White House Spokesperson John Kirby stated the US had received the response Hamas delivered to the mediators, and that the US was “working its way” through it.

“The response prioritises the interests of the Palestinian people and emphasises the need for a complete halt to the ongoing aggression in Gaza,” Hamas and Islamic Jihad announced in a joint statement.

They added they were ready to “engage positively to reach an agreement that puts an end to this war”.

According to Reuters, Hamas’s response includes a counter-proposal for a new timeline for the permanent ceasefire and withdrawal of Israeli troops from Gaza.

Qatar said in its statement that it would study the response with Egypt and coordinate with the parties.

Hamas’s official response comes a day after the UN Security Council voted 14 to 0 in support of a US-backed resolution calling for a ceasefire in Gaza and hostage exchange.

The Palestinian group stated after the vote that it “welcomed” the resolution and expressed “readiness” to implement its principles through indirect talks with Israel.

US Secretary of State Antony Blinken stated Hamas’s statement was a “hopeful sign” but he continued to pressure the group, suggesting that the public comments didn’t amount to an official response delivered via mediators Qatar and Egypt.

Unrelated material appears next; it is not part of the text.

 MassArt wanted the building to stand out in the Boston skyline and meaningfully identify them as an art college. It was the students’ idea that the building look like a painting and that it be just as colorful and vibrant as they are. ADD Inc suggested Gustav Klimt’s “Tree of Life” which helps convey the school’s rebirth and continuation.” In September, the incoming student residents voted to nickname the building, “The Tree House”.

“Everyone’s vote is in, except for one vote, and that’s Hamas,” Blinken added.

Blinken himself appeared to express frustration with Hamas’s decision-making process. The group’s top political officials are based outside Gaza, but the military leaders and head of the besieged enclave, Yahya Sinwar, are inside Gaza.

Analysts say Sinwar likely has the final say on a deal given his control of captives as necessary to start phase one of the staged ceasefire agreement and influence over fighters in the field.

Talks between Hamas and Israel have been ongoing for months.

Biden cast them into an unprecedented public view on 31 May, when he laid out the details of a three-phase agreement that he characterised as an Israeli proposal for a permanent cessation of hostilities in Gaza.

Despite an immediate positive response to Biden’s speech, the group soon expressed doubts about the deal.

Israeli Prime Minister Benjamin Netanyahu repeatedly rejected Biden’s suggestion that the deal would lead to an end of the war, stating that Israel would continue fighting in Gaza until it eliminates Hamas’s governing and military capabilities.

In response, Hamas sought written guarantees from mediators that a ceasefire would follow the hostage exchange.

Last week, Middle East Eye reported the latest Israeli proposal received by Hamas did not guarantee a permanent cessation of hostilities as described by Biden in his speech announcing the proposal.

The US’s move to put the ceasefire plan Biden verbally outlined in May to a vote at the UN Security Council appeared designed to force Hamas’s hand. Only Russia abstained from voting in favour of it.